Palawan means “The Land of Beautiful Safe Harbor”. The name, once intended for merchant ships sailing through the centuries, takes a new meaning: a land of beautiful haven for every traveler who seeks refuge and oneness in nature. Palawan has been given numerous accolades as the country’s cleanest, greenest an most peaceful city. On top of this distinction, Palawan has been dubbed the “Last Ecological Frontier” in honor of its unique ecological balance. Safeguarding this frontier are the hospitable Palawenos who are deeply committees to the tenets of environmental conservation and protection.
The discovery of the Tabon Caves in Palawan’s Quezon municipality brought greater understanding of the roots of Philippine ancestry. The caves hold many treasures of Tabon Man’s beginnings dating back 50,000 years, from tone-age tools that simplified tasks to burial jars which proved his understanding of the divine.
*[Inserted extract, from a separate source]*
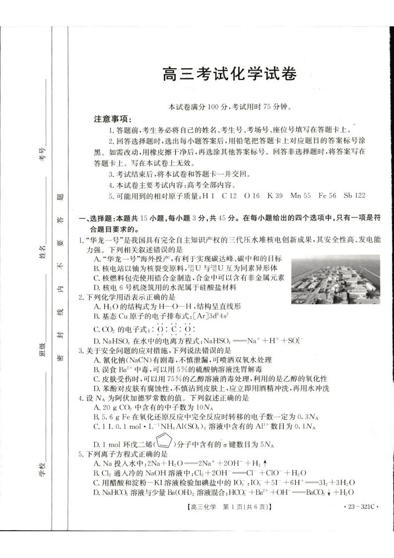 2023届辽宁省县级重点高中联合体高三(一模)丨化学

These archeological treasures along with the islands’ natural wonders beckon those who appreciate and enjoy rich heritage, and diverse terrestrial and marine resources.
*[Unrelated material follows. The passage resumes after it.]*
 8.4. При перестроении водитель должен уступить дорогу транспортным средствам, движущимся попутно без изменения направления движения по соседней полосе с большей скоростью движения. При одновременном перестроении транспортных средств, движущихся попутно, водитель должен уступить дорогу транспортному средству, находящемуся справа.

Palawan Travel Facts and Tips
Land Area, Municipalities and Language With a land area of 1.5 million hectares, the province of Palawan is composed of 1,780 islands and islets. It is politically subdivided into 23 municipalities with Puerto Princesa as the capital city. English and Pilipino are widely spoken, as well as Cuyunon.
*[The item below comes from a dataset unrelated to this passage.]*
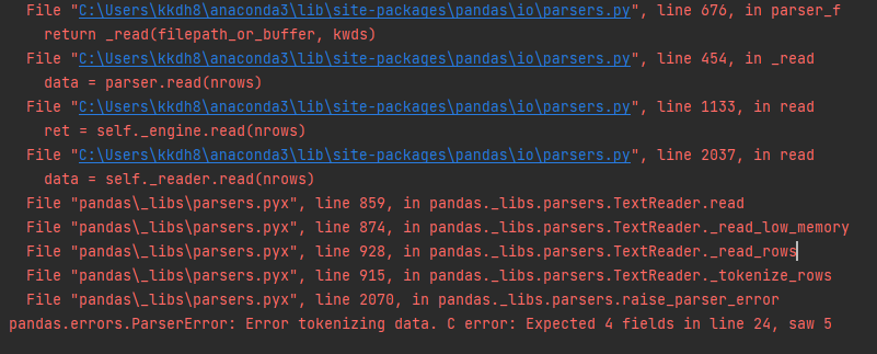 이런 tokenizing data 에러를 마주할 수 있습니다.

How to get there and go around By air, Palawan is connected to Manila via Puerto Princesa, El Nido, Busuanga, Taytay and Pamalican (Cuyo). There are also flights from Cebu and IloIlo going to the capital during peak season. By sea, major carriers travel from Manila to Coron and Puerto Princesa. Travel within the city proper is usually done via tricycles and jeepneys although one may rent a van or other private transportation. Getting to destinations can also be done through public transport or via pump boats for island travels.
What to wear and bring
Light casual wear is recommended. During rainy months, July to September, jackets and umbrellas are advisable. From March to May, pack sunscreen, sunglasses and a hat. Remember to bring insect repellent, mineral water and flashlight for activities like spelunking and trekking.
• Travelers’ Checks and currency exchange can be availed in the city. • Credit cards are accepted in major establishments. • Observe the Cleanliness and No Littering Policy. • Interactions with cultural minorities need to be coordinated with the Local Government Units. Diving in Tubbatah, expedition to the Calauit Sanctuary and tour of the Underground River also require permits. • Electricity runs 24 hours in the city but may be scheduled in some municipalities. Most island-based resorts operate their own power generating sets.